Следом за ним в первые же годы шлиссельбургского заточения умерли Владимир Малавский, Александр Буцевич, Людвиг Кобылянский, Айзик Арончик, Мейер Геллис, Григорий Исаев, Игнатий Иванов, Дмитрий Буцинский, Александр Долгушин, Савелий Златопольский…
Всего с 1884 года по 1906 год в Новой и Старой тюрьмах отбывали заключение 68 человек, из них 15 были казнены, 15 умерли от болезней, восемь сошли с ума, трое покончили с собой.
«Если я не сошел с ума во время своего долгого одиночного заточения, то причиной этого были мои разносторонние научные интересы… — вспоминал Николай Александрович Морозов, просидевший в Шлиссельбурге 21 год. — Но вы представьте себе положение тех, у кого не было в жизни никаких других целей, кроме революционных. Попав в одиночное заточение, они догорали тут, как зажженные свечи, как умерли Юрий Богданович, Варынский, Буцевич; другие кончали жизнь самоубийством, как Тихонович, Софья Гинсбург или Грачевский, сжегший себя живым, облив свою койку керосином из лампы и бросившись на нее после того, как зажег этот костер фитилем. А из тех, которые не умерли таким образом, многие сошли с ума, впадали в буйное помешательство, кричали дикими голосами, били кулаками в свои железные двери, выходившие в один и тот же широкий тюремный коридор, с каждой стороны по 20 камер в два этажа, причем верхний этаж был отделен от нижнего только узким балкончиком.

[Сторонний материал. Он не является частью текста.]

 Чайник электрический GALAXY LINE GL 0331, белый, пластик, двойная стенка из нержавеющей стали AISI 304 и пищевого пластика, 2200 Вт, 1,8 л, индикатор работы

Всякий их крик и вой разносился гулом по всем 40 камерам, каждый их удар кулаком в железную дверь вызывал резонанс во всех остальных и отзывался невыносимой болью в сердцах остальных заключенных.

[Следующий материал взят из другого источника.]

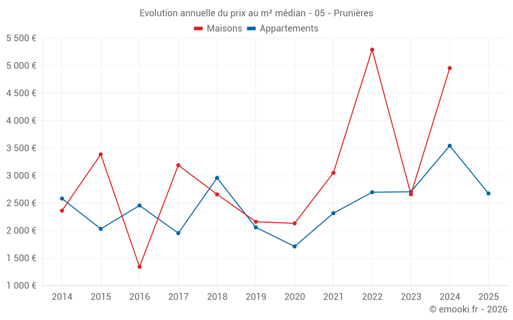 Prix du m² à Prunières

И вот, если б какая-нибудь девушка-энтузиастка, представлявшая Шлиссельбургскую крепость только по некоторым вышедшим описаниям, попала тогда в нее, то… около 9—10 часов утра она с ужасом услышала бы очередной жутко безумный рев сошедшего с ума Щедрина, воображавшего себя то медведем, то другим диким зверем и кричавшего всевозможными звериными голосами (хотя в перерывы он считал себя императором всероссийским), что продолжалось нередко с полчаса и иногда сопровождалось битьем кулаками в гулкую дверь. Затем наступила бы гробовая тишина, после которой через несколько часов она услышала бы очередное жутко безумное пенье сошедшего с ума Конашевича-Сагайдачного, начинающееся словами:
А после этого обязательного вступления последовали бы еще два-три куплета эротического содержания, и песня эта, собственного сочинения безумного певца, повторялась бы все снова и снова таким гулким, убеждающим кого-то голосом, что чувствовалось, как будто эта красавица стоит лично перед ним и отвечает на его пенье. Мороз пробегал по коже, и волосы шевелились на голове от этого пенья даже и у того из нас, кто слышал его каждый день в продолжение многих лет.
И она тоже стала бы слышать эти звериные крики и пенье каждый день с прибавкой по временам буйных ударов в дверь и криков изнервничавшегося Попова, а одно время еще и третьего, сошедшего окончательно с ума, но более спокойного, чем Щедрин и Конашевич, — Похитонова.